What is expected →
An exact transcription of every record below is required, with the pictures left out.

————————

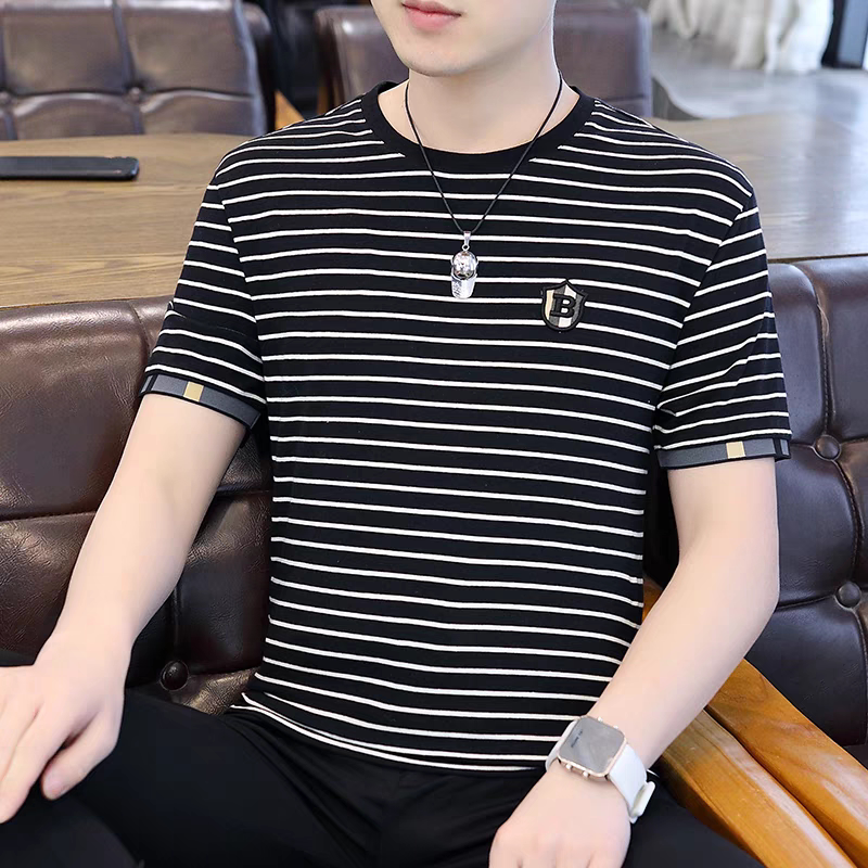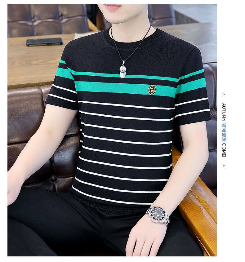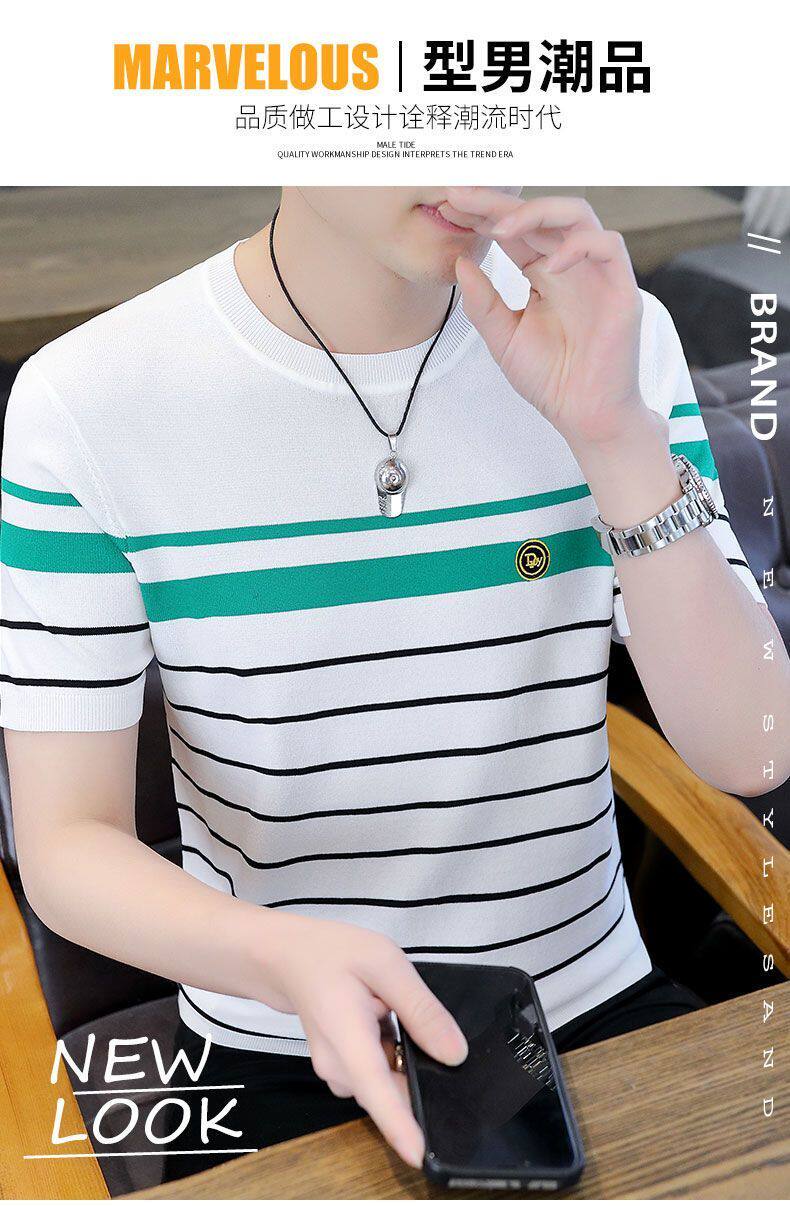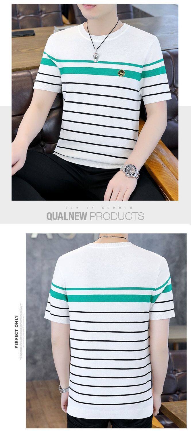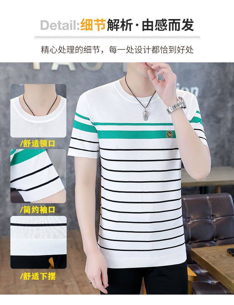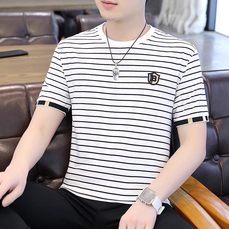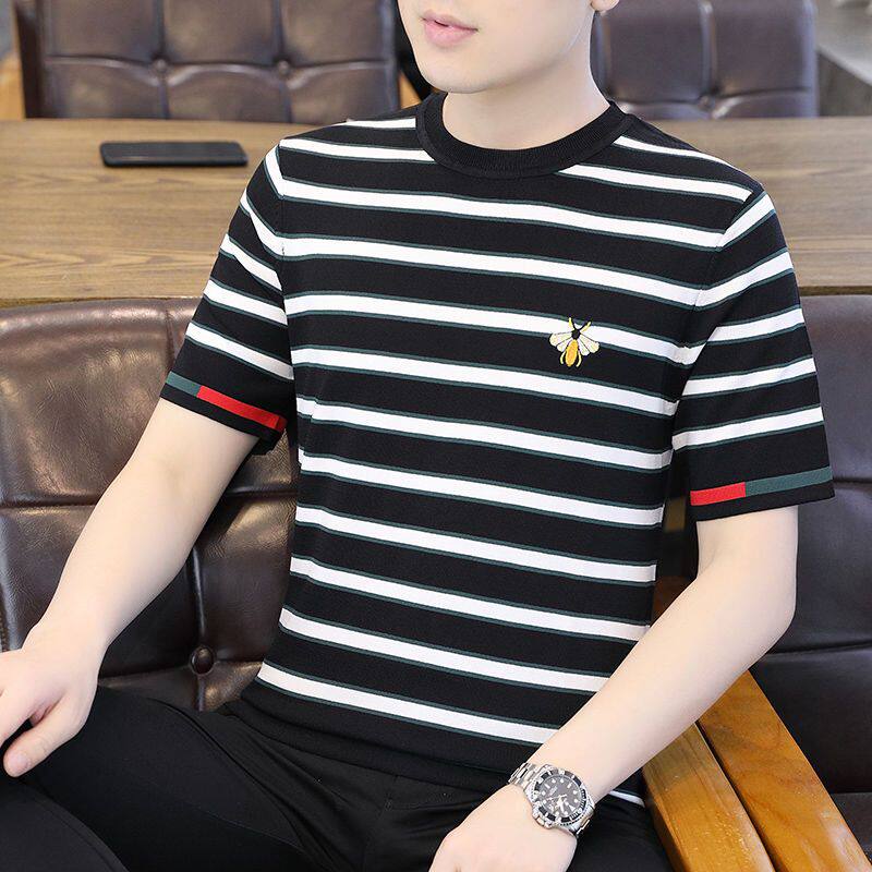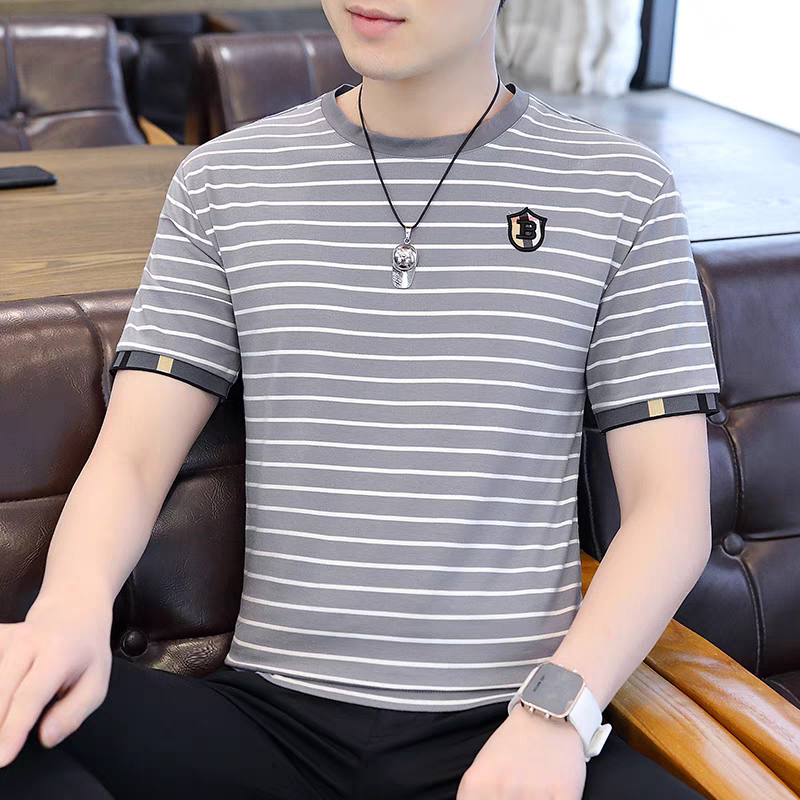 HomeProducts清仓捡漏~专柜撤回尾单大牌外贸欧洲站条纹短袖t恤男冰丝半袖上衣
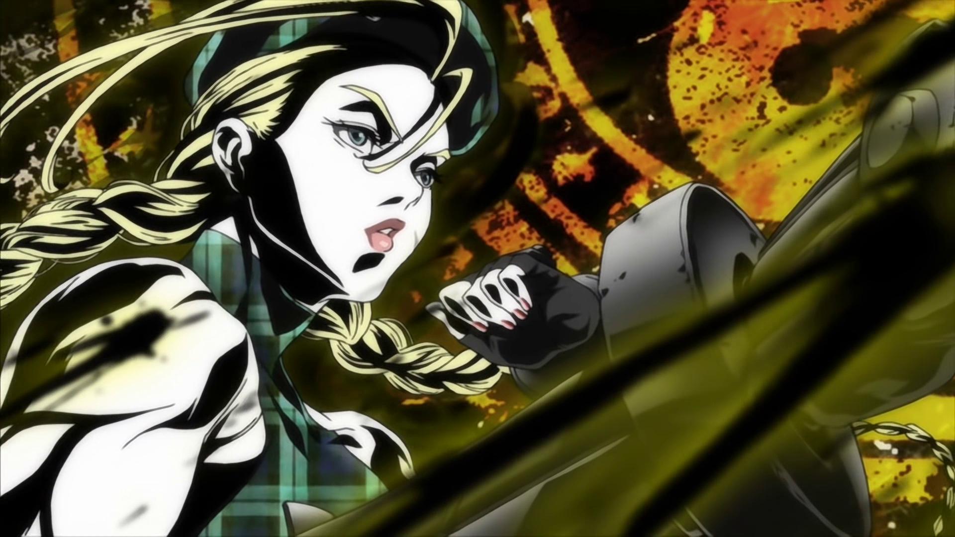 Description: A woman with a gun in her hand and a fire in the background with a black and white background.
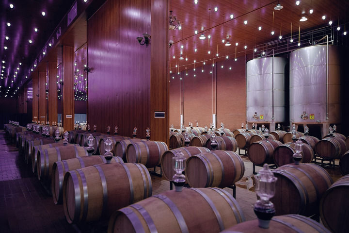 閩寧鎮(zhèn)賀蘭神酒莊釀酒車(chē)間的橡木桶。(永寧縣委宣傳部供圖)
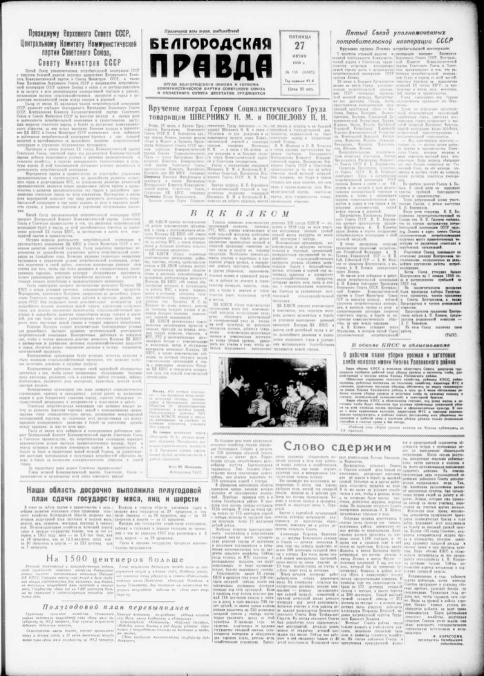 Белгородская правда : областная общественно-политическая газета : орган Белгор. обкома и горкома КПСС и обл. Совета депутатов трудящихся. - Белгород , 1917-
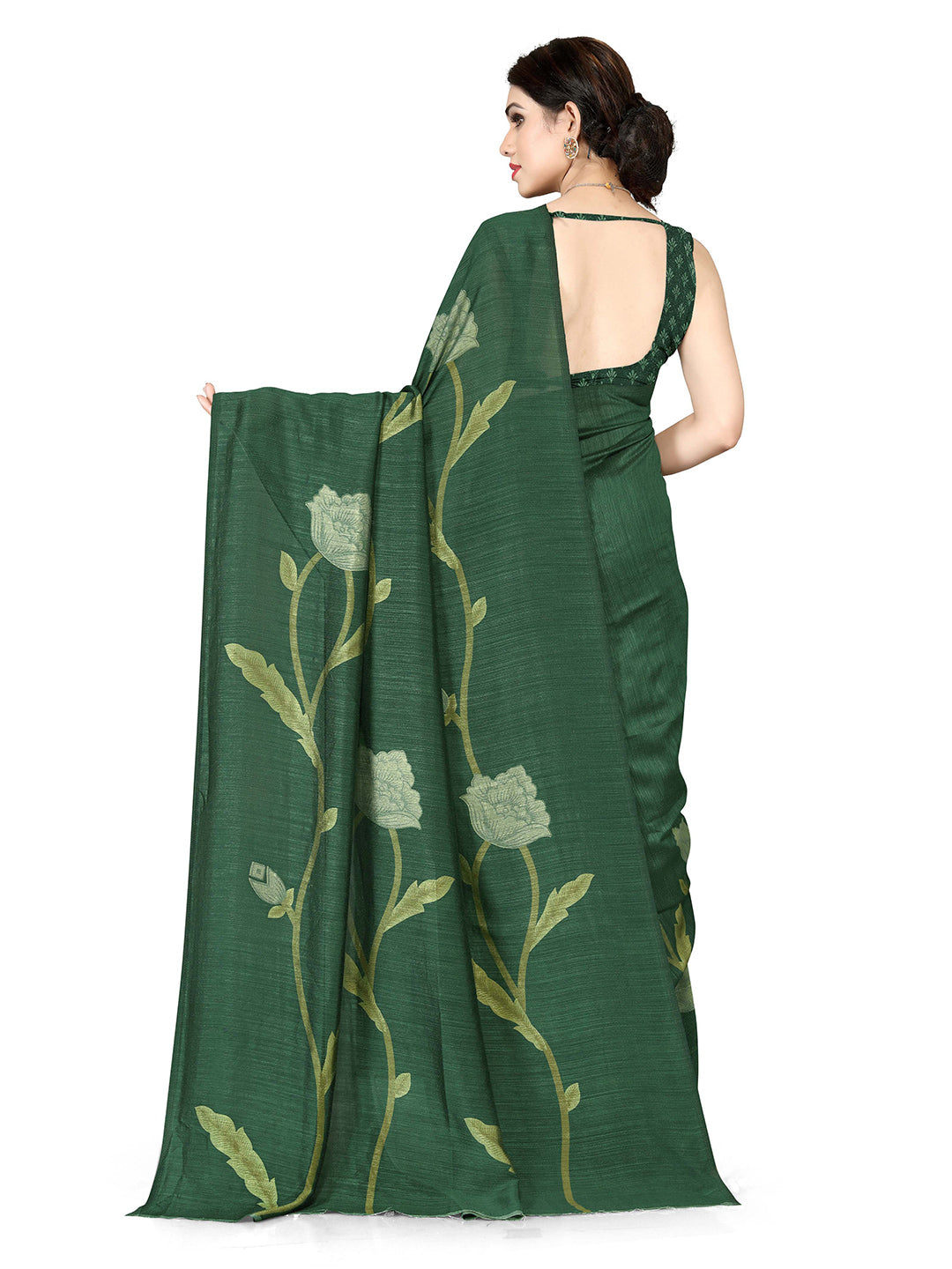 Kalini Green & Lime Green Floral Vichitra Silk Saree - Distacart
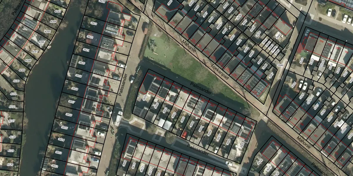 Het perceel waarop Palissander 384 staat heeft een oppervlakte van 153 m². Dit is een middelgroot perceel. De perceeloppervlakte wordt geregistreerd door het Kadaster. Gedetailleerde informatie over de maten van dit perceel kunt u vinden in het rapport Kadastrale kaart met maatvoering van Palissander 384.
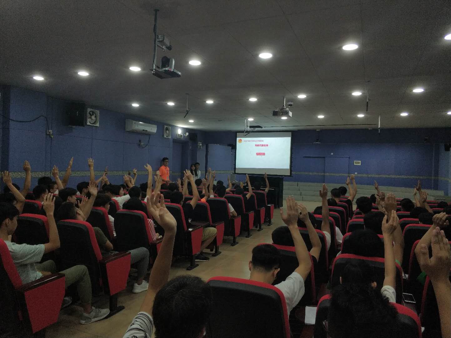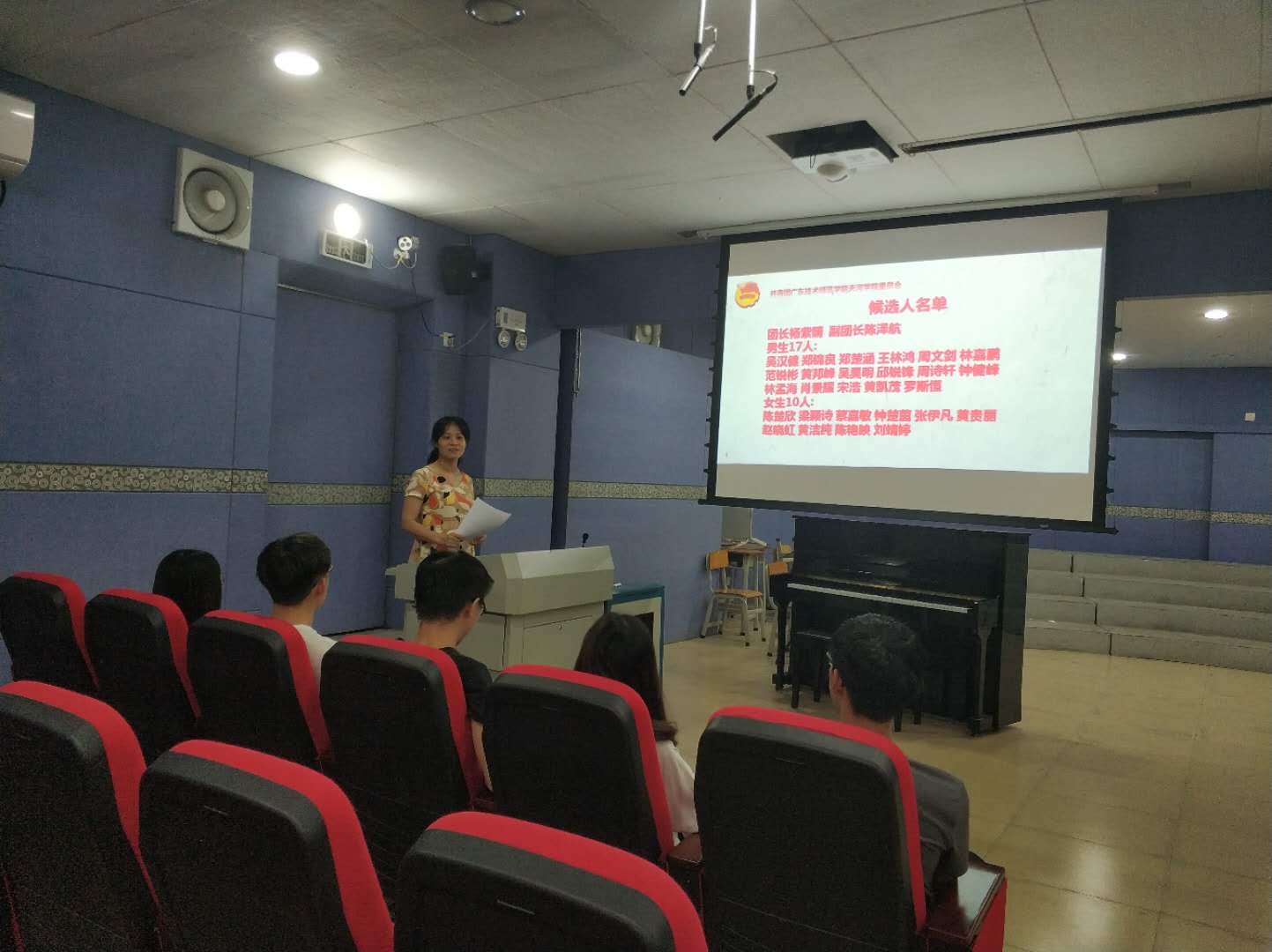 正式选举前,由主持人宣读候选人名单,通过选举方式:由学院团员代表举手表决选举正式代表、列席代表。然后,我院100多名团员代表采取举手表决的方式,在监票人的监督下,计票人统计投票结果,从29名候选人名单中,选举出24名团员正式代表、1名列席代表。我院杨紫晴书记公布此次大会表决通过的结果:吴汉健、陈楚欣等24位团员当选为第三次团代会代表候选人,银朝珠当选为列席代表。

————————

Expected answer →
 HomeProducts清仓捡漏~专柜撤回尾单大牌外贸欧洲站条纹短袖t恤男冰丝半袖上衣
 Description: A woman with a gun in her hand and a fire in the background with a black and white background.
 閩寧鎮(zhèn)賀蘭神酒莊釀酒車(chē)間的橡木桶。(永寧縣委宣傳部供圖)
 Белгородская правда : областная общественно-политическая газета : орган Белгор. обкома и горкома КПСС и обл. Совета депутатов трудящихся. - Белгород , 1917-
 Kalini Green & Lime Green Floral Vichitra Silk Saree - Distacart
 Het perceel waarop Palissander 384 staat heeft een oppervlakte van 153 m². Dit is een middelgroot perceel. De perceeloppervlakte wordt geregistreerd door het Kadaster. Gedetailleerde informatie over de maten van dit perceel kunt u vinden in het rapport Kadastrale kaart met maatvoering van Palissander 384.
 正式选举前,由主持人宣读候选人名单,通过选举方式:由学院团员代表举手表决选举正式代表、列席代表。然后,我院100多名团员代表采取举手表决的方式,在监票人的监督下,计票人统计投票结果,从29名候选人名单中,选举出24名团员正式代表、1名列席代表。我院杨紫晴书记公布此次大会表决通过的结果:吴汉健、陈楚欣等24位团员当选为第三次团代会代表候选人,银朝珠当选为列席代表。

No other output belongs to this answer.